Alarm menjerit saat pria yang akrab disapa Vincent ini melewati alat pendeteksi metal di pintu masuk. Muhammad Antik, sang petugas jaga, memegang tangan Vincent yang ditutupi sweater kuning. Borgol di tangan Vincent yang membuat pendeteksi metal itu berbunyi. "Dia tahanan," kata lelaki yang mengawalnya kepada Muhammad. Mereka pun meneruskan langkah menuju pintu pesawat Garuda, maskapai yang kemudian menerbangkan keduanya kembali ke Jakarta.
Hari itu sejatinya Vincent akan dipindahkan penahanannya dari Rutan Kelas I Salemba, Jakarta, ke Rutan Kelas II-A Pontianak, Kalimantan Timur. Ia mendekam di Salemba karena kasus pembobolan uang Asian Agri Abadi Oil and Fats Ltd, salah satu anak perusahaan Asian Agri Group milik Sukanto Tanoto. Dalam kasus ini, ia diganjar 11 tahun penjara. Selain itu, ia dijerat kasus pemalsuan paspor di Nunukan, Kalimantan Timur, yang dipakainya untuk kabur ke Singapura pada akhir 2006. Soal paspor inilah yang membuat Vincent akan ditransfer mendadak ke Kalimantan Timur.

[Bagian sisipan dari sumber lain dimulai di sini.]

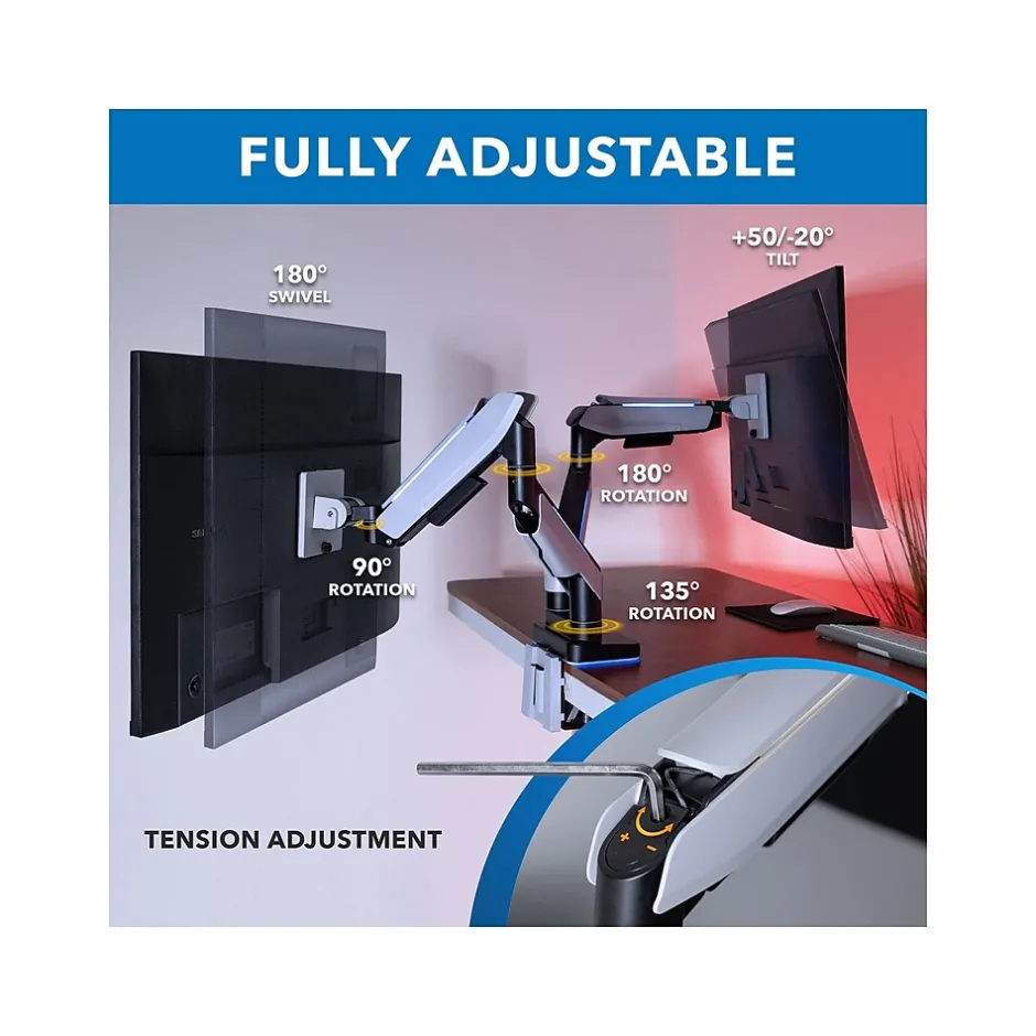 - Create your perfect immersive gaming station with this heavy-duty dual monitor arm

Persetujuan memindahkan Vincent keluar 10 September lalu, tapi Departemen Keuangan mencegahnya. Sumber Tempo menyebutkan, Menteri Keuangan Sri Mulyani Indrawati yang mengontak Kepala Polisi Jenderal Sutanto serta Menteri Hukum dan Hak Asasi Manusia Andi Mattalata agar pemindahan ditangguhkan. Vincent memang divonis bersalah dalam pembobolan uang dan menjadi tersangka pemalsuan paspor, tapi ia juga saksi penting Departemen Keuangan dalam kasus dugaan penggelapan pajak yang ditaksir merugikan keuangan negara Rp 1,3 triliun oleh Asian Agri Group. Direktur Intelijen dan Penyidikan Pajak Mochammad Tjiptardjo membenarkan permintaan itu. "Dia saksi mahkota yang penting bagi kami," kata Tjiptardjo kepada Gunanto dari Tempo.
Ketua Lembaga Perlindungan Saksi dan Korban Abdul Haris Semendawai berpendapat Vincent seharusnya dilindungi karena merupakan sanksi penting bagi pemerintah. Undang-Undang Nomor 13 Tahun 2006 tentang Perlindungan Saksi dan Korban, yang disahkan 11 Agustus 2006, memberikan sejumlah perlindungan kepada saksi. Dari perlindungan keamanan pribadi, keluarga, sampai harta benda. Menurut dia, pemindahannya ke Pontianak juga berisiko menyebabkan Vincent tak bisa bersaksi dalam kasus dugaan penggelapan pajak.
Jalan cerita nasib orang-orang seperti Vincent bisa berbeda bila Lembaga Perlindungan Saksi, yang dipimpin Semendawai, telah efektif bekerja. Dengan kewenangan yang diberikan Undang-Undang Nomor 13 Tahun 2006, lembaganya bisa memberikan perlindungan, fisik, hukum, atau keduanya sekaligus. Jika nyawa saksi dalam ancaman, kata dia, bisa saja kesaksian dia dalam suatu kasus diberikan melalui teleconference.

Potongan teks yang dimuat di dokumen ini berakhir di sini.